You are well rid of this guy. Good job seeing the red flags before you got any deeper.

I would go no contact now. Forget remaining friends. I expect the next to come after the ranting is the grand gesture, apology, and plea for one more chance, as he just 'cares so much' for you and 'thinks you could have been great together'.

It's a common script. Maybe he's not this type, but it's not worth finding out for a relationship you weren't keen on.

dreamerdoer · 17/09/2014 22:18

Look, you broke up with him, and he obviously still has feelings for you. I know it seems like you're being 'nice' by keeping up the friendship, but actually its nice for you because you get to move on and keep him as a friend, but not nice for him because interacting with you is putting him through emotional turmoil. There is a part of him (that he is probably deeply in denial about), that's hoping that if you guys hang out as friends you'll end up together again. So he's swinging between feeling resentful and angry about the breakup and trying to be nice and friendly because at least that way he gets to see you. (Emotionally hurting people don't act rationally).

Do the actually nice thing, and give him some space to get over you properly. Don't be horrible to him, but don't expect you can jump to just hanging out as friends together without that causing emotional issues for him.

Your actions weren't exactly being unreasonable, but they probably were hurting him (not deliberately).

HootOnTheBeach · 17/09/2014 22:50

He sounds very insecure and I think it's a mistake to be friends especially right after ending a relationship.

Castlemilk · 17/09/2014 23:01

Space to get over you properly?

You were together SIX WEEKS. And he started acting just like the OTT loon his texts show him to be, so you dumped him, right?
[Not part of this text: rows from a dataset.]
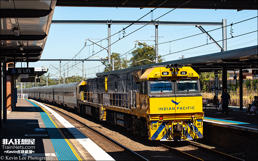 2025年11月19日,内燃机车NR级(印度洋-太平洋涂装)牵引著名旅游列车“印度洋-太平洋号(Indian Pacific)”通过悉尼城铁杜恩赛德车站(Doonside Station),将在不久后抵达终点悉尼车站,结束4天的旅途。该车是日编组2节NR级内燃机车+33节不锈钢客车。每次该列车途径悉尼城铁路网都堪称奇观——动辄35节的超长客列驶过大约仅能容下8节列车、200米长的通勤列车站台,长度对比实在太明显。
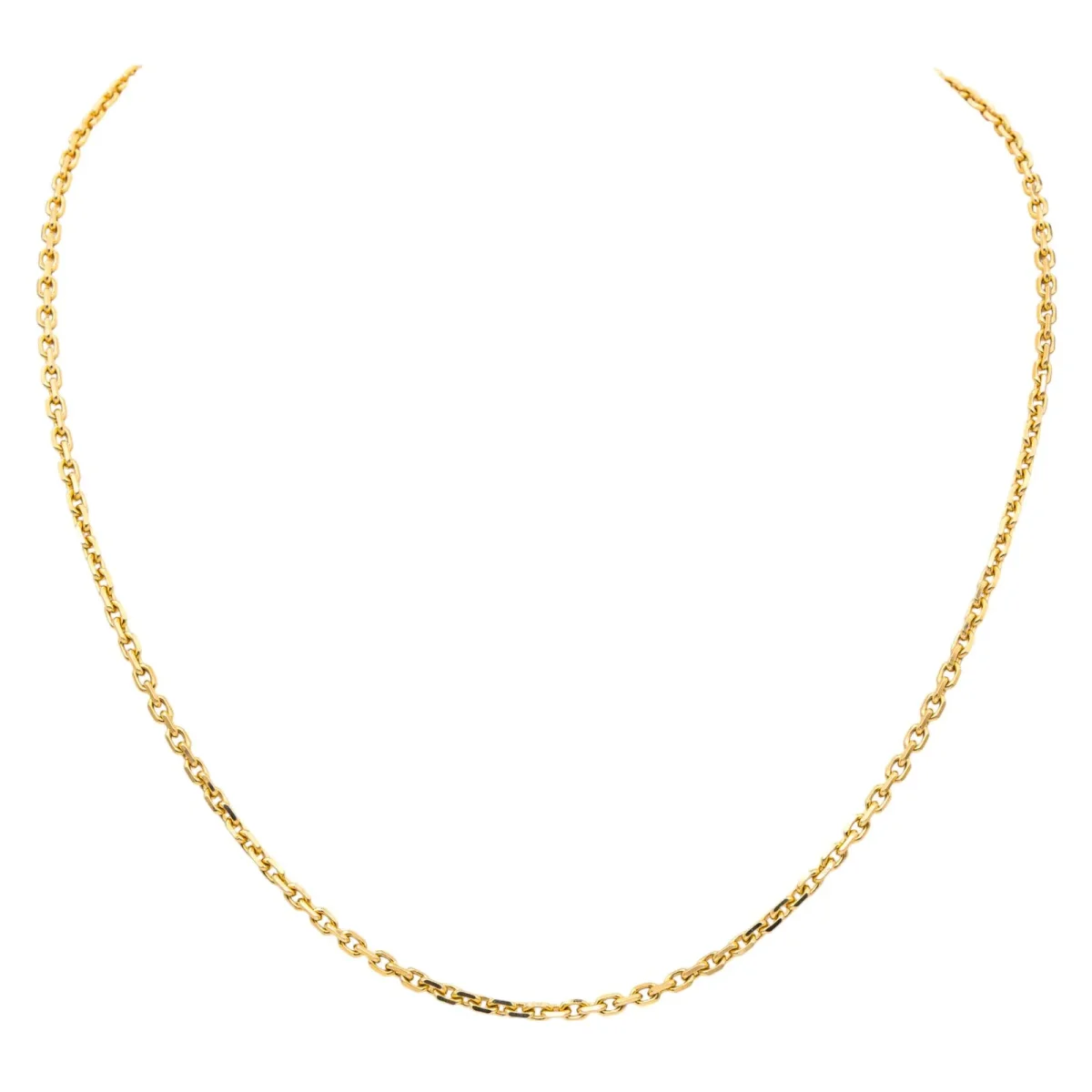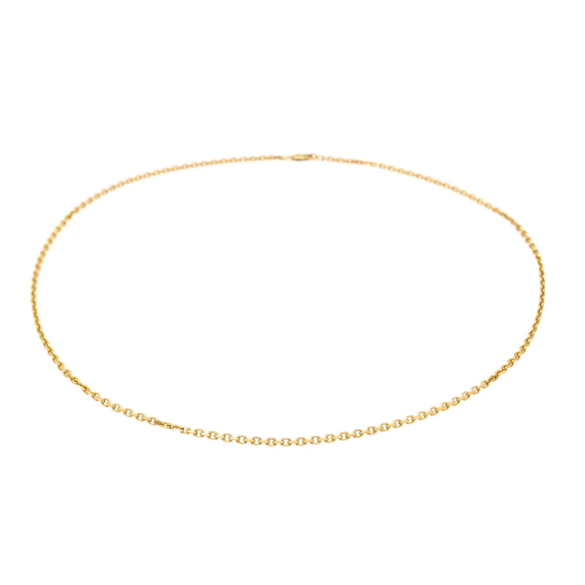Chaîne en or jaune 750 millièmes (18 carats), maille forçat, longueur : 67 cm, largeur : 0,27 cm, fermoir à mousqueton, poids total : 25,88 g, poinçon tête d’aigle, excellent état
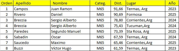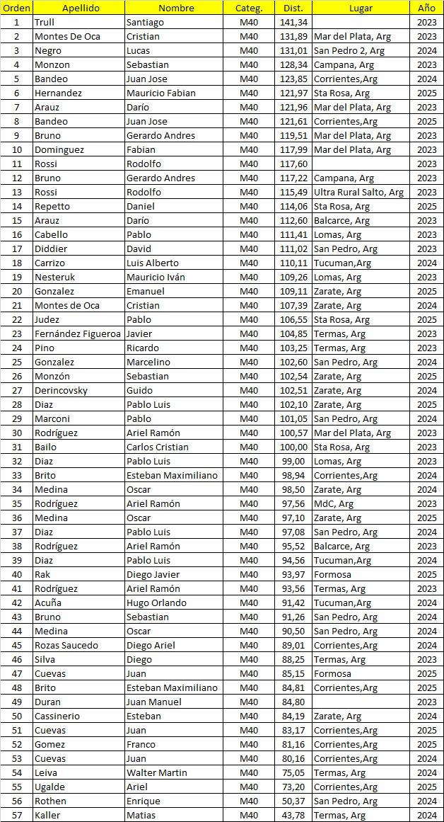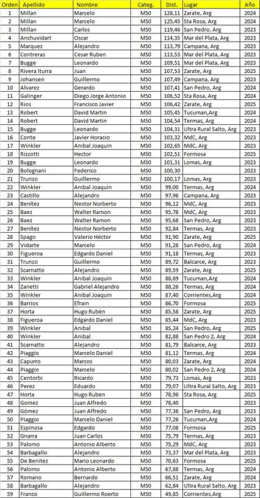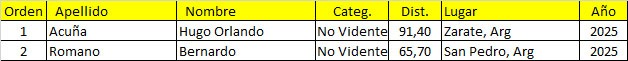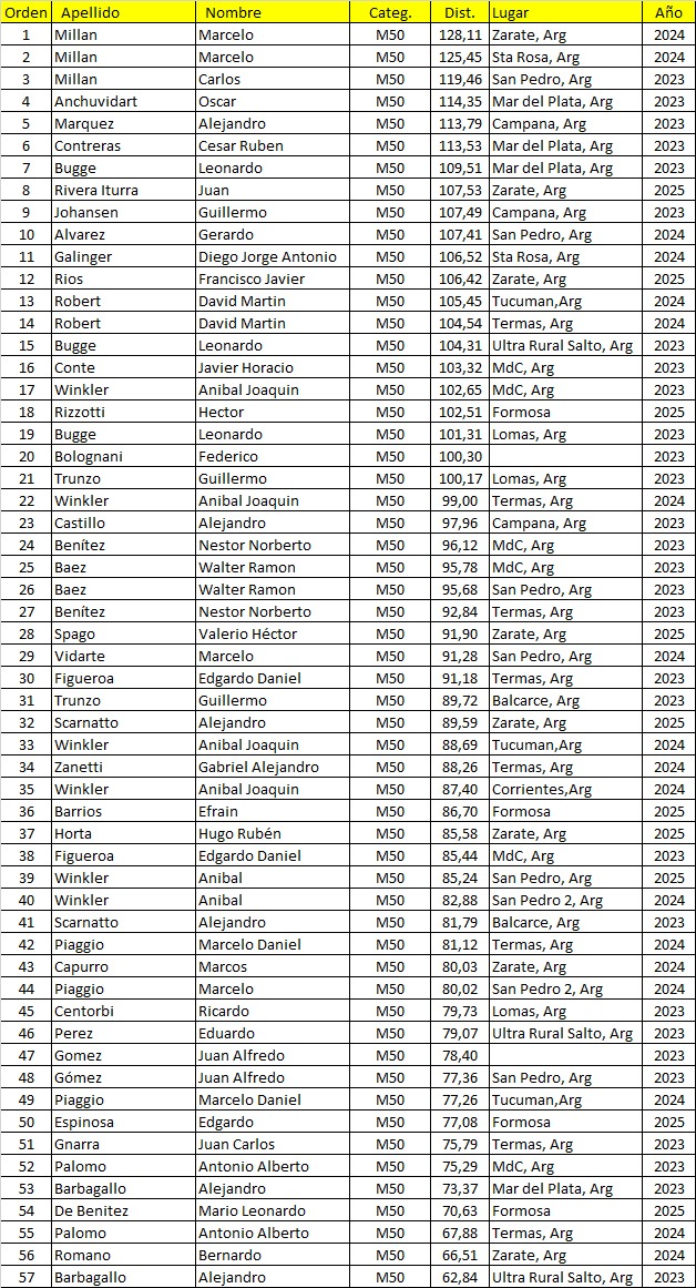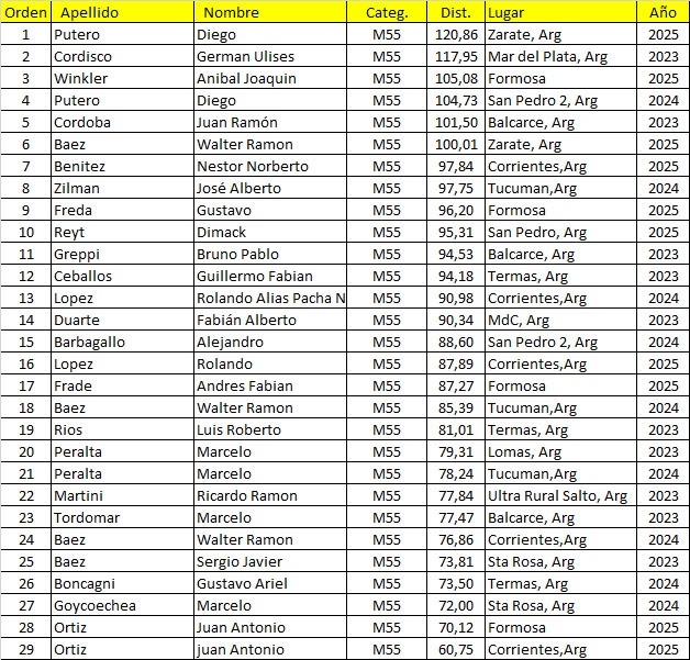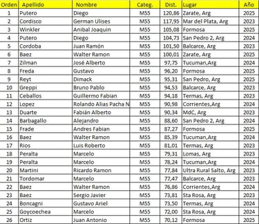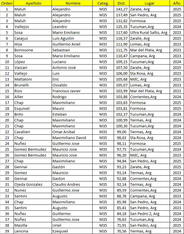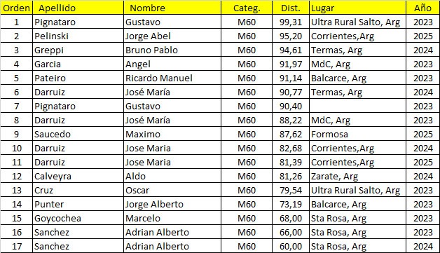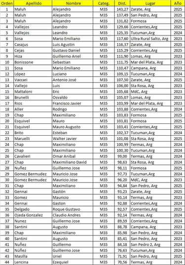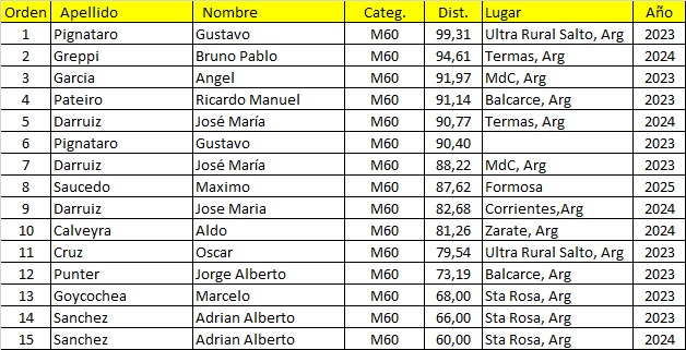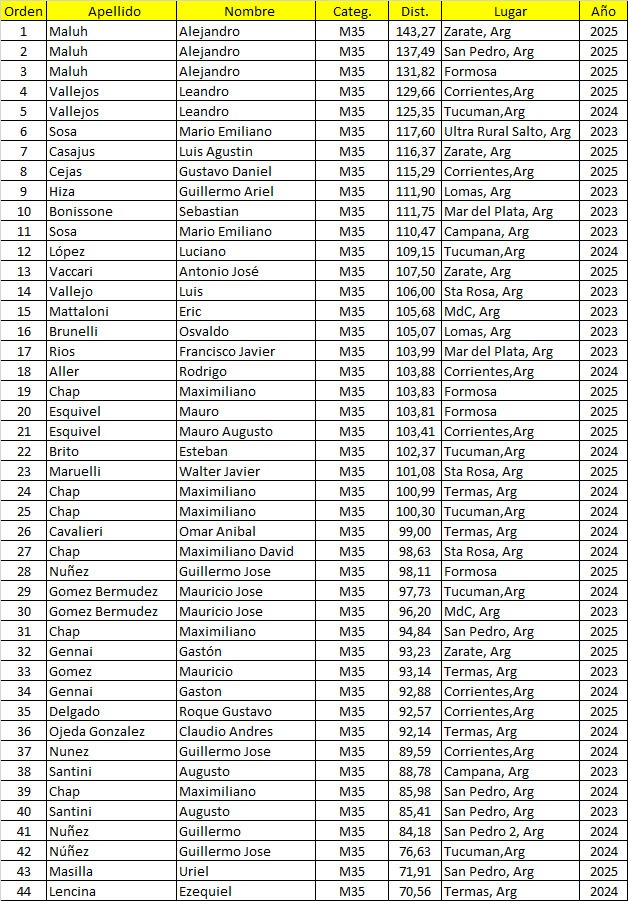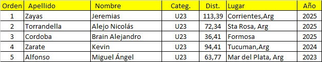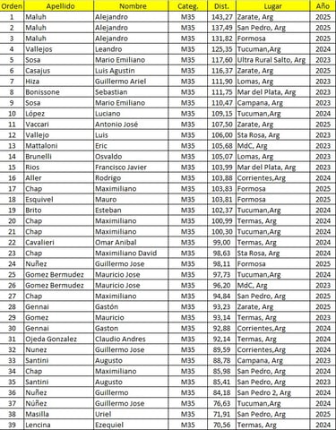 Mejores Marcas del Calendario Argentino de Ultramaratón 2023/2024/2025.

I'm afraid that my only reply to the text rants would have been 'OHH SHUUUUT UPPPPPPP!'

extremepie · 17/09/2014 23:21

Yeah pretty much castle, he brought a load of his stuff over and hinted about moving in, he was quite controlling in that we always had to watch movies/listen to music etc that he liked because mine wasn't good enough - I even started a thread about how we had an argument over music because apparently my taste was 'shit' and therefore I wasn't 'allowed' to listen to my music in my own flat. There was other stuff too....

I was thinking that response but I didn't want to be a bitch!

I am kind of expecting another 'I'm really sorry' message tomorrow but I'm not sure I will bother pursuing a friendship with him tbh, if he wants to have a go at me based on a random assumption of his then it's just too much effort. I can't be bothered to defend all my actions to him, especially when we aren't even together!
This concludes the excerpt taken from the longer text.